VPN sites being spoofed by hackers in new attacks

NordVPN, a well-known maker of VPN software, has been the subject of a new attack where hackers have cloned the NordVPN website and are offering trojanized versions of the popular software. First reported by DrWeb, an anti-virus company, the cloned sites offered sharp discounts (as low as free) on the already value-priced software and then downloaded a malware tool as part of the VPN software to the victims. This technique has been used before by hackers when they faked downloaded sites for other popular office software such as Invoice 360 and Clip Plus. Once the machines were exploited, they were used to gather banking information and other personal information. 

Generally, NordVPN is not considered enterprise-level VPN software but the fact is that many small businesses use it as it’s a relatively low cost and it’s easy to deploy. But we can’t forget that thesesmall businesses may be vendors to larger enterprises whose networks they may have access to. This segment of the market is particularly vulnerable because they tend to be cost-conscious, so cheap deals appeal to them. Plus, they don’t usually have the large security teams that bigger enterprises do. 

So the first lesson from this scenario is to make sure you go to the legitimate site when you go to download the software from the internet. Check the URLs carefully, and if possible, navigate on their main website versus taking external links from posts and other sources.  And more importantly, if you are letting vendors come in with this software, or any other VPN for that matter, you need to seriously consider what issues they may be bringing onto your network. Because a VPN basically just expands the size of your network to include the vendors. And your network is only as secure as the least insecure vendor you let in. 

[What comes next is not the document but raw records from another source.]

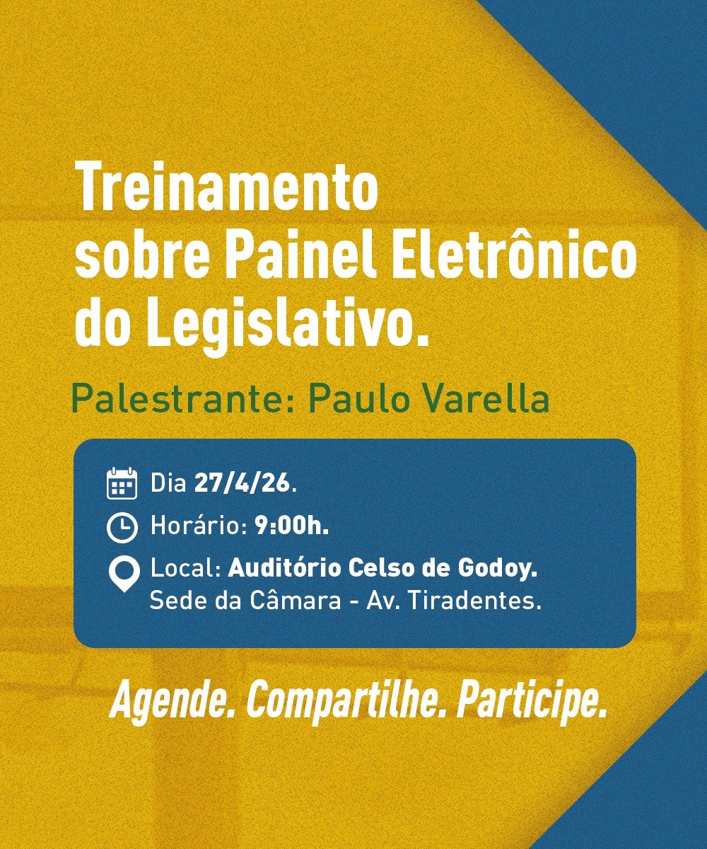 O curso de aperfeiçoamento será conduzido por Paulo Varella, especialista em painel eletrônico legislativo. Segundo a organização do evento, o treinamento terá caráter prático, com foco no uso eficiente das ferramentas já disponíveis na Câmara e nas melhores formas de explorá-las no dia a dia institucional.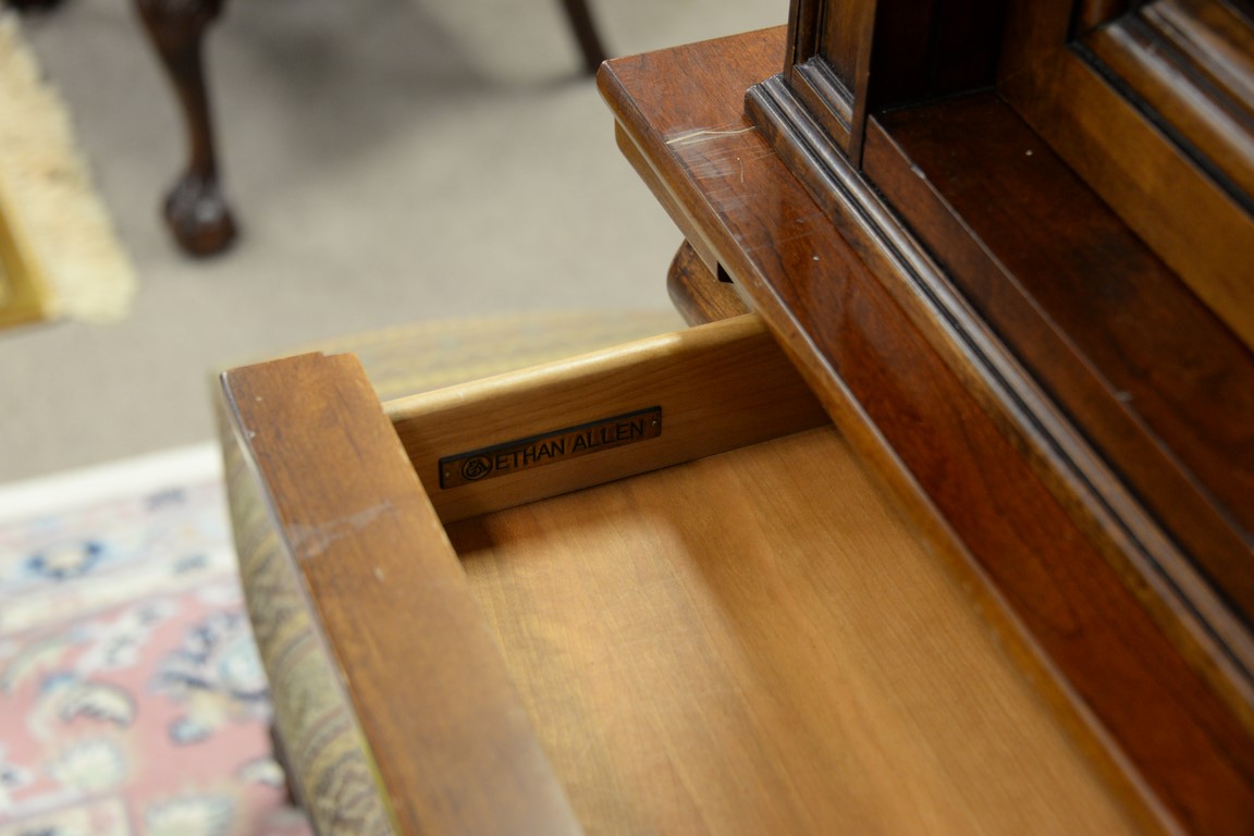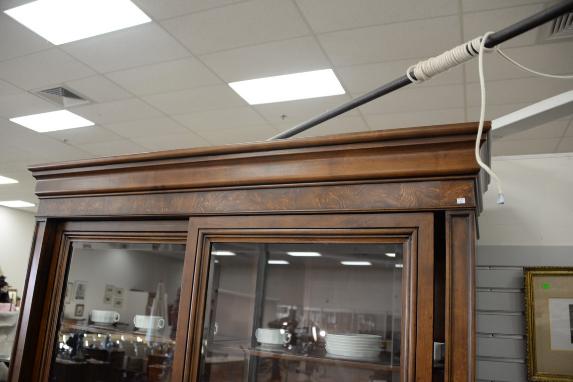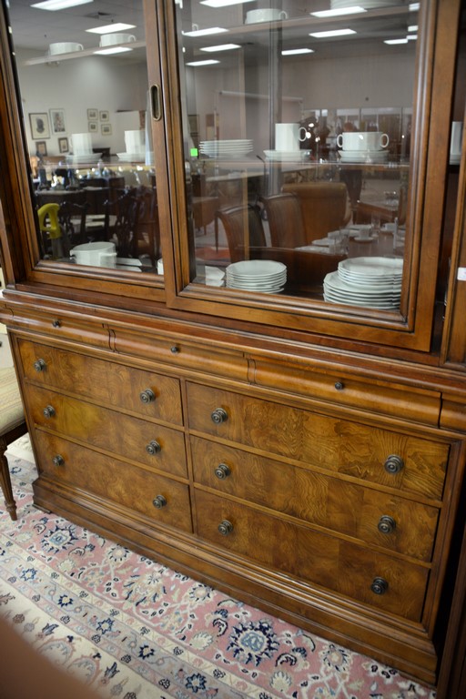 Lot 151: Ethan Allen breakfront having sliding glass door top over burlwood base with drawers, ht. 92in., wd. 68in., dp. 19in.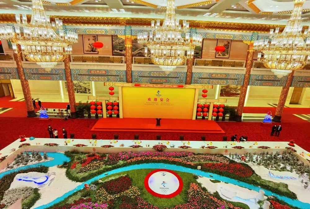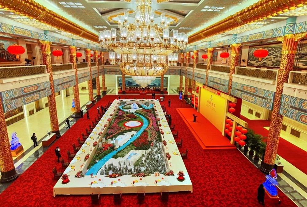 Bàn tiệc lớn được trang trí tiểu cảnh mùa đông cùng mô hình một số điểm tổ chức thi đấu Olympic trong quốc yến trưa nay.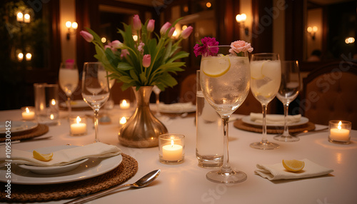 Elegant dinner table setting with cocktails, flowers, and candles creating a romantic atmosphere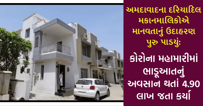 કોરોનાની માઠી અસર ધંધા-રોજગાર પર પણ પડી છે ત્યારે આવક ના હોવા છતાં દર મહિને ભાડું આપવું લોકો માટે મુશ્કેલ બન્યું છે. અમદાવાદના કેટલાક પ્રોપર્ટી ઓનર્સે કોરોનામાં પરિવારના મોભીના અવસાનને કારણે, બિઝનેસમાં આવક ના હોવાને કારણે લાખો રૂપિયાનું ભાડું જતું કરી માનવતાનું શ્રેષ્ઠ ઉદાહરણ પૂરું પાળ્યું છે. મહામારીના મુશ્કેલ સમયમાં કોઇના ખભા પર રાખેલો હાથ સફળતા પર મળેલી તાળીઓ કરતાં વધુ મૂલ્યવાન હોય છે.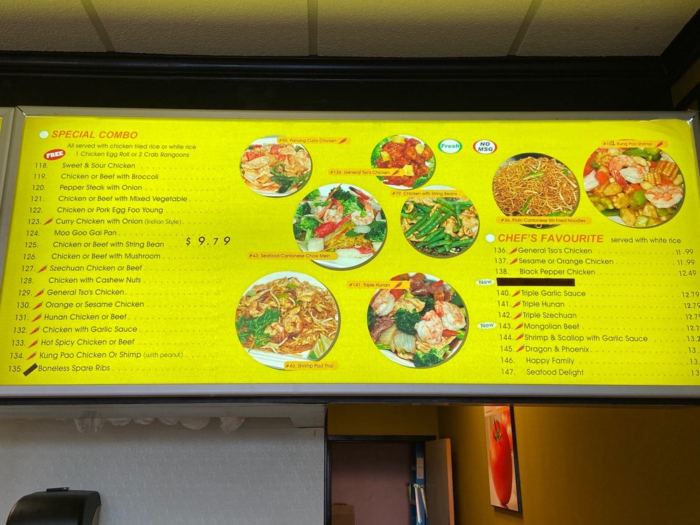 Hunan beef, cantonese chicken chow mein, chicken with cashew nuts, General Tso's chicken, 4-piece egg rolls or 8-piece crab Rangoons, and chicken fried rice.

To learn more about the risks of VPNs, check out our helpful infographic.

The post VPN sites being spoofed by hackers in new attacks appeared first on SecureLink.

*** This is a Security Bloggers Network syndicated blog from SecureLink authored by Tony Howlett. Read the original post at: https://www.securelink.com/blog/vpn-sites-being-spoofed-by-hackers-in-new-attacks/

Tony Howlett

Tony Howlett is a published author and speaker on various security, compliance, and technology topics. He serves as President of (ISC)2 Austin Chapter and is an Advisory Board Member of GIAC/SANS. He is a certified AWS Solutions Architect and holds the CISSP, GNSA certifications, and a B.B.A in Management Information Systems. Tony is currently the CISO of SecureLink, a vendor privileged access management company based in Austin.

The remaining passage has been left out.